The story is told in a few sentences. Young Lt Croft (Peter Firth) arrives in France after barely 14 hours of flying practice. The CO of the base he has been assigned to is his brother-in-law, Major Gresham (Malcolm McDowell), a man he admires incredibly. He finds Gresham extremely changed. Disillusioned, hardened, distant and a full-blown alcoholic. The rest of the lot is not much better; either they drink or they are shell-shocked. The only nice and cool-headed one seems to be an older officer, Capt. “Uncle” Sinclair (Christopher Plummer).

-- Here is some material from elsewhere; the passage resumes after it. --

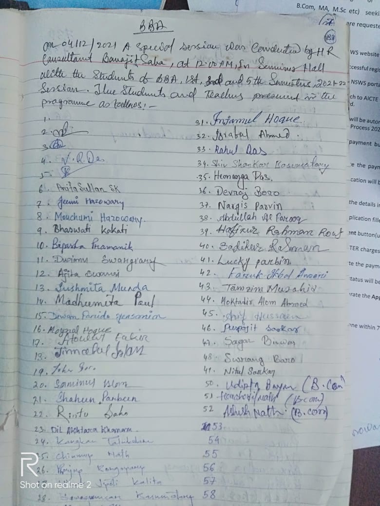 Description: A special Session was conducted by HR Consultant Banajit Saha, at 12.00 AM in the College Seminar Hall with BBA 1st, #rd and 5th Semester Students. The teachers and Students attended the are attached herewith-
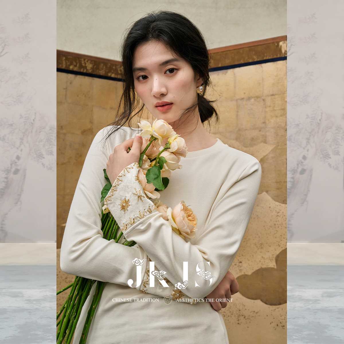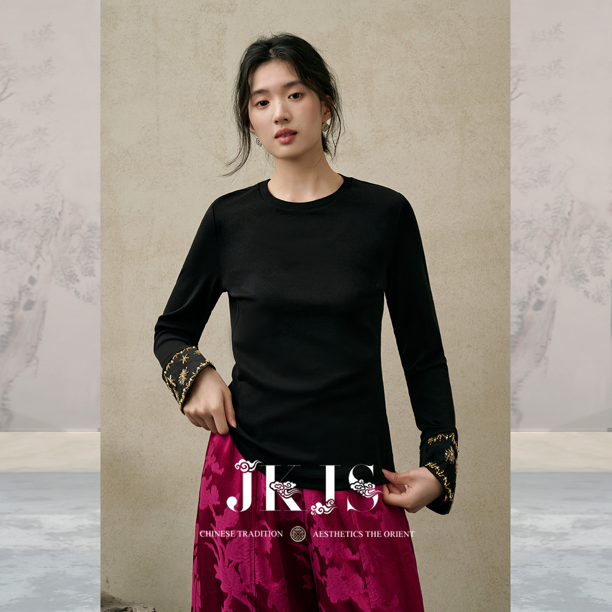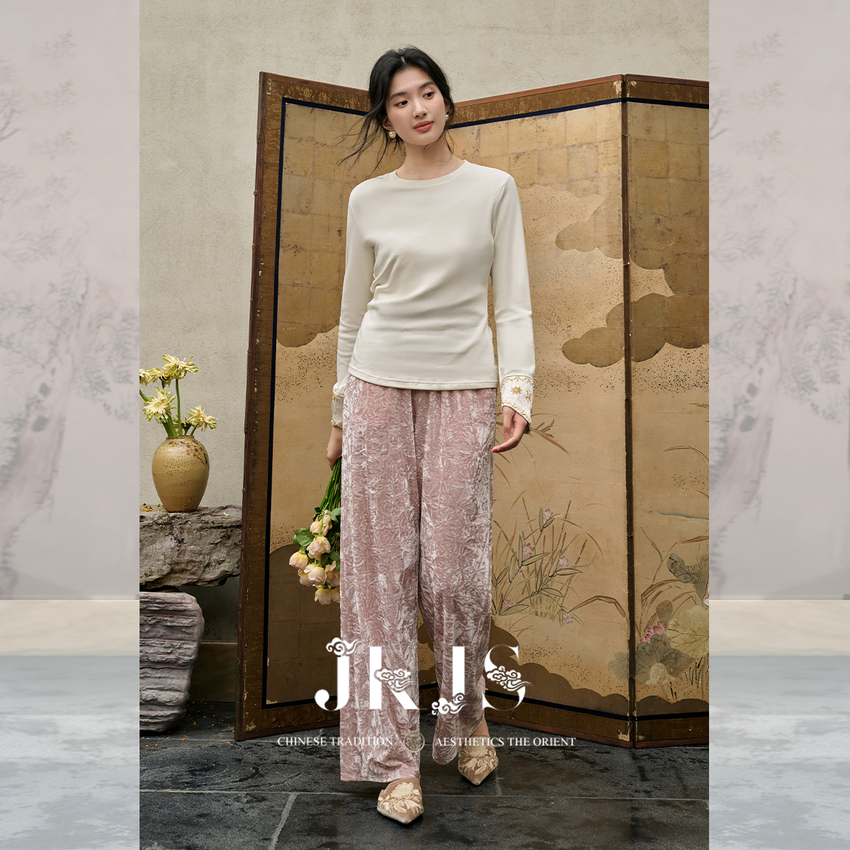 JKJS 莫代尔人丝提花T恤早秋穿搭气质女上衣高级感内搭 罗浮香

Gresham cannot spare young Croft and has to take him on dangerous missions right away. The young man enjoys every minute of it. He is naive and enthusiastic.

You will probably think that this doesn’t sound too bad, I agree, it doesn’t but it still isn’t a good movie. Aces High has a big problem with its characters. Apart from Christopher Plummer’s character, they are uninteresting, flat and two-dimensional cardboard figures. This is disappointing because, as said, the air combat scenes are decent, the planes are decent and there is one incidence in which they make a trip to the front line and see a group of blinded soldiers that is quite harrowing. I’m afraid, I can’t rate this any higher than 3/5.